DIRECTIONS FOR THIS TASK:
Once "На #воскресныйужин манты, оливье" turns up in a line below, reproduce that line and those after it exactly, stopping after the line with "テーラードカラーの華やかさを"; leave pictures out.

MATERIAL SHOWN:

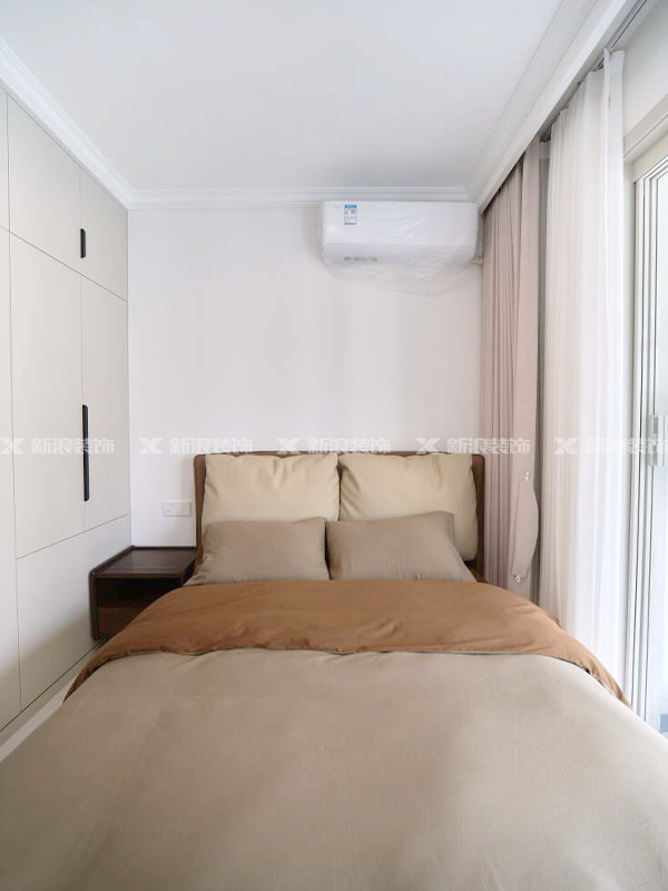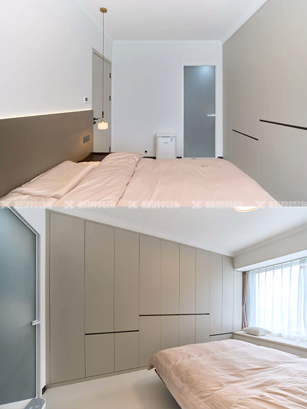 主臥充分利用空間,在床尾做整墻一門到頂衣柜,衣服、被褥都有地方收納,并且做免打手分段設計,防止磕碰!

* * *

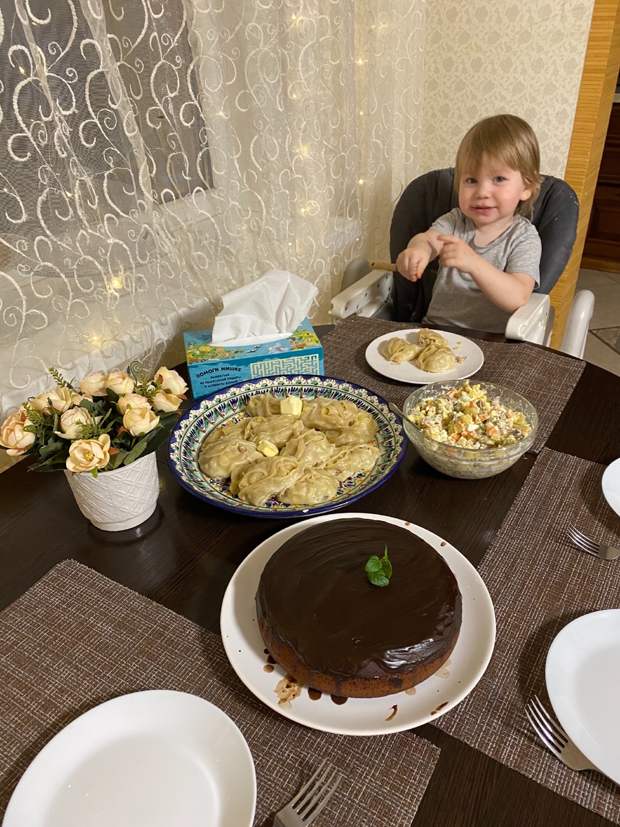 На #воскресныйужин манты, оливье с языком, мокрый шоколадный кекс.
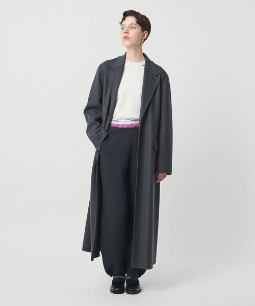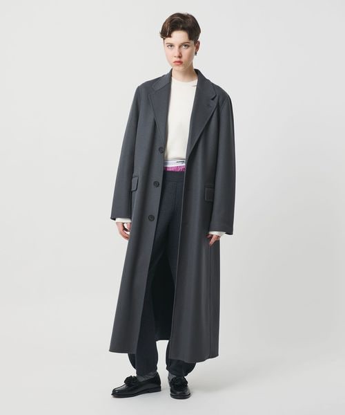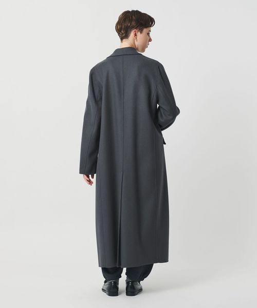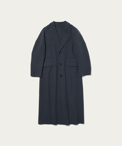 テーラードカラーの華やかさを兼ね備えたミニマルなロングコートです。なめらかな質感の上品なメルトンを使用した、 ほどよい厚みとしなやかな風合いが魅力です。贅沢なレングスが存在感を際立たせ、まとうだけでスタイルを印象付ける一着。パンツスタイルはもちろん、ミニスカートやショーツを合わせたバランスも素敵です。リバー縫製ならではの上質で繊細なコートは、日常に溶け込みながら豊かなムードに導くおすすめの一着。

==

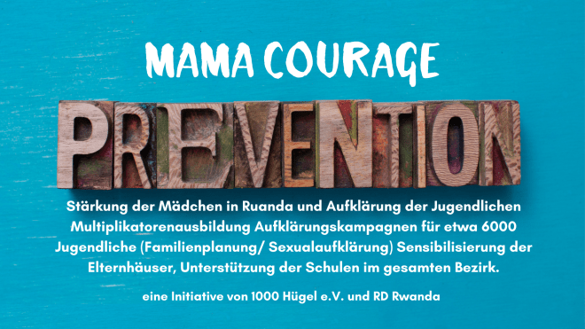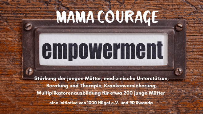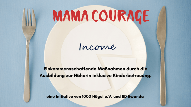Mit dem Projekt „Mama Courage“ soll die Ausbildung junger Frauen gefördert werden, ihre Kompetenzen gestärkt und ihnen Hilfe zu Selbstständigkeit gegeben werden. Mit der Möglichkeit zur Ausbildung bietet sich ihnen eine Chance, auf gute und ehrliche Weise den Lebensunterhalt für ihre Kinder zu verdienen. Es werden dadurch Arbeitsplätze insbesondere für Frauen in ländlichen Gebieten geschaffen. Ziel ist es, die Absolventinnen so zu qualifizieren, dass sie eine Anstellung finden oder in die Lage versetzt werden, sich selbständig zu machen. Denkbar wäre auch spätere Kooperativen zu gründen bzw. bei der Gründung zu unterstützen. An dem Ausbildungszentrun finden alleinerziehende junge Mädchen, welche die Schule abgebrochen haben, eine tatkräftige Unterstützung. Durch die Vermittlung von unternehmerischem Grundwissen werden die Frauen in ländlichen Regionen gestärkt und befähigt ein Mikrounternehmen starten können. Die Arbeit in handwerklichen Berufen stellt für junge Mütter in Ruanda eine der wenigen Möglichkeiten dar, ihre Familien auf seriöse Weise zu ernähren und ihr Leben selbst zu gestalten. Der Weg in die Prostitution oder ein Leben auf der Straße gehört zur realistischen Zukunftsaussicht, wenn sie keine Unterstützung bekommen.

WRITTEN ANSWER:
 На #воскресныйужин манты, оливье с языком, мокрый шоколадный кекс.
 テーラードカラーの華やかさを兼ね備えたミニマルなロングコートです。なめらかな質感の上品なメルトンを使用した、 ほどよい厚みとしなやかな風合いが魅力です。贅沢なレングスが存在感を際立たせ、まとうだけでスタイルを印象付ける一着。パンツスタイルはもちろん、ミニスカートやショーツを合わせたバランスも素敵です。リバー縫製ならではの上質で繊細なコートは、日常に溶け込みながら豊かなムードに導くおすすめの一着。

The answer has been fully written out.